What is mParticle?
Learn all about mParticle's core features, capabilities, and product features.
January 22, 2024
If you work in Martech, then chances are you’re either looking to purchase a Customer Data Platform (CDP) or migrate to a new solution. In either case, there’s a high likelihood that you’ve stumbled across mParticle in your evaluation.
This blog post will teach you everything you need to know about mParticle, including:
- What is mParticle?
- Core Products and Capabilities
- Data Collection
- Data Storage
- Data Modeling
- Audience Management
- Real-time Capabilities
- Reverse ETL
- Pros and Cons
What is mParticle?
mParticle is a traditional Customer Data Platform (CDP) that specializes in mobile event collection, so you can easily capture behavioral events and sync that data to hundreds of destinations without having to manage and maintain custom integrations and APIs.
As a CDP, mParticle offers all of the bells and whistles of many other solutions in the market, including data collection, audience management, personalization, and some other real-time and even AI-based capabilities. The company was founded in 2013 with the goal of helping companies collect and manage data more effectively to drive personalization across channels.
mParticle rose to popularity as one of the earliest CDPs to specialize in mobile apps. In fact, if you look at mParticle’s customer page, you’ll notice a common denominator: many of the use cases focus on in-app personalization. The platform was initially created as an alternative to Segment for enterprise companies who wanted more security, better support, and flexibility. If you’re curious, there’s actually a really interesting thread on Quora from 2016 between the CEO of mParticle and the CEO of Segment comparing and contrasting their solutions.

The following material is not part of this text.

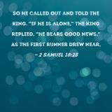 So he called out and told the king. "If he is alone," the king replied, "he bears good news." As the first runner drew near,

Core Products and Capabilities
While the mParticle platform is pretty versatile, you can break the company’s product offerings into five core categories.
- Data Connections is the backbone of mParticle’s CDP. This product lets you capture behavioral events from your mobile apps, websites, and servers and then push events directly to your marketing tools.
- Data Quality is the suite of tools that mParticle provides to help you manage what data you collect before you share events with your downstream systems. This feature set enables you to manage the schema structure of your data so you can build a cohesive data strategy.
- Data-Driven Personalization encompasses a variety of self-serve audience management features to help you build audience segments, calculated attributes, and even orchestrate customer journeys across your tools.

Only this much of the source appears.